Most people have an exceptional Team One and no Team Two at all. That’s why 75% regret selling within 12 months. The deal went perfectly. The life didn’t.
What Team Two Actually Looks Like
Team Two isn’t a product. It’s not a service you buy off the shelf. It’s a bespoke group of people and frameworks that help you navigate the transition from business owner to… whatever comes next. Here’s what it typically includes:
A Life Architect or Transition Advisor
Someone who understands The Fog, the 5 Pillars, and the emotional reality of post-exit life. Not a therapist. Not a life coach in the Instagram sense. A structured advisor who helps you audit where you are, design where you want to be, and build a framework for getting there.
A Peer Group
Other people who’ve been through an exit and understand the problem without you having to explain it. The relief of sitting in a room with six people who know what it’s like to be rich and lost is worth more than any individual advice. You’re not alone. You just don’t know the others yet.
Accountability
Not a gym buddy. Not a golf foursome. Structured accountability. Someone who checks in on your 5-Pillar progress, challenges your avoidance, and holds you to the experiments you said you’d run. When you were a CEO, you had a board. Now you need a personal one.
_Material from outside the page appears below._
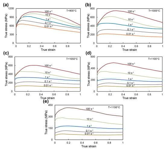 The stress-strain curves of Waspaloy obtained from isothermal hot compression test at different temperatures and strain rates are presented in Figure 2. As expected, the flow stress increases with decreasing deformation temperature and with increasing strain rates. All flow stress curves are characterized by an initial increase in the flow stress until a peak value due to work hardening during deformation. The work-hardening values increased with increasing strain rate or with a decrease in deformation temperature and are directly related to the increase in the dislocation density [32]. The softening behavior of the material can be related to the DRV (dynamic recovery) or dynamic recrystallization (DRX) mechanisms. After reaching peak values at deformation temperatures of 900 and 1000 °C at all strain rates (Figure 2a,b), a constant decrease in flow stress is observed. To a lesser extent, this behavior of the material is observed at 1050 °C for strain rates greater than or equal to 0.1 s−1 (Figure 2c) and for the temperatures of 1100, 1150 °C and at high strain rates greater than or equal to 10 s−1 (Figure 2d,e). It should be noted that these flow stress curves do not have a stable state and in the case of deformation temperatures of 900 and 1000 °C (Figure 2a,b) such behavior may be related to plastic flow instability during deformation. This instability is most often expressed by the occurrence of shear bands, flow localization, or cracking [29].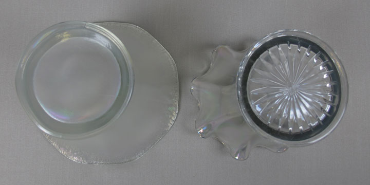 Imperial Glass gave a mold number to each base size: 692 is 2 1/2 inch bases, 693 is 3 1/2 inch bases, 694 is 4 1/2 inch bases and 695 is 5 1/2 inch bases. Only pieces sold under these four Imperial mold numbers are true Smooth Panels pieces. Each base size can have multiple heights due to the amount (if any) the vase was "swung". |

Your Wealth Manager (Still)
Team Two doesn’t replace your wealth manager. It sits alongside them. Your wealth manager handles Pillar 1 — Financial Security. Team Two handles Pillars 2 through 5 — Purpose, Health, Connection, and Regret Minimisation. Both teams need to exist. The mistake is thinking one team can do the job of two.
When to Build Team Two
The answer, if you’re reading this, is now. But ideally, you build Team Two before you sell, not after. The clients who transition best — the Priyas of the world — start 12–18 months before the deal completes. They’ve audited their pillars. They’ve calculated their Funded Ratio. They’ve started testing post-exit activities. They’ve had the relationship conversation.
If you’ve already sold, it’s not too late. Most of my clients come to me in The Fog. The work is more urgent but no less effective. You just have less runway for experiments and more emotional weather to navigate.
Either way, the question isn’t whether you need Team Two. It’s whether you’ll build one before the crisis or after it.
“Your wealth manager manages your money. Your Team Two manages your meaning. You need both. And confusing one for the other is the most expensive mistake you can make after selling.”